Data for this exercise
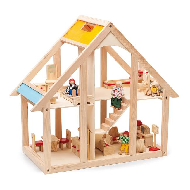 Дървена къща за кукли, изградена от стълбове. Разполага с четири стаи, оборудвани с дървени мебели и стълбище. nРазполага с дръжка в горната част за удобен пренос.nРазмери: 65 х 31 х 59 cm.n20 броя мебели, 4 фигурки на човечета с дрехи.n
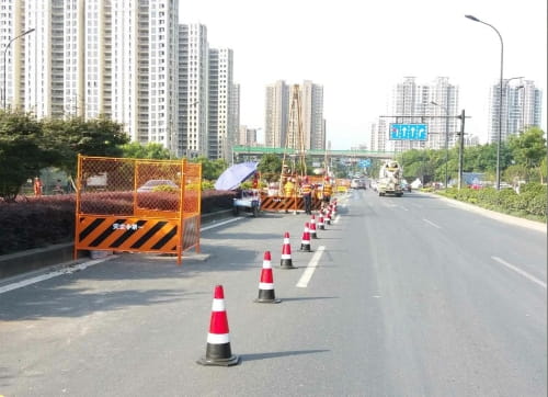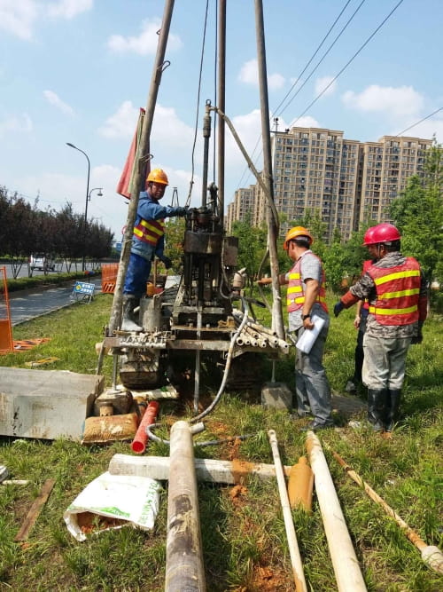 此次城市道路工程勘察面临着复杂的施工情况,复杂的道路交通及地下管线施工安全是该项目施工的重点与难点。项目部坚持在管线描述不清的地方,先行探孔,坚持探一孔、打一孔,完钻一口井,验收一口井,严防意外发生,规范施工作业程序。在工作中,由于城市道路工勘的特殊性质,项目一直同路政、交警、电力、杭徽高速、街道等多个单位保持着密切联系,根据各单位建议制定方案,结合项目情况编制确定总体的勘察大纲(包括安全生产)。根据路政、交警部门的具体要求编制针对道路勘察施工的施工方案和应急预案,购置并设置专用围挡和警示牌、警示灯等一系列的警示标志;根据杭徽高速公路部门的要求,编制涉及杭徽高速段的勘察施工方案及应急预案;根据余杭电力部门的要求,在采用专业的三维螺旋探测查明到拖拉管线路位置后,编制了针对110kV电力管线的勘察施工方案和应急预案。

* * *

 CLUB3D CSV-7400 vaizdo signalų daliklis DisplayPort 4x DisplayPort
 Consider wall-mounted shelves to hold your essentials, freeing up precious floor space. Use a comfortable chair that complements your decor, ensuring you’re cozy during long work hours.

Problem details
Give again exactly, and only, the lines above starting at the one with "CLUB3D CSV-7400 vaizdo" and ending at the one with "Consider wall-mounted shelves".

Expected output
 CLUB3D CSV-7400 vaizdo signalų daliklis DisplayPort 4x DisplayPort
 Consider wall-mounted shelves to hold your essentials, freeing up precious floor space. Use a comfortable chair that complements your decor, ensuring you’re cozy during long work hours.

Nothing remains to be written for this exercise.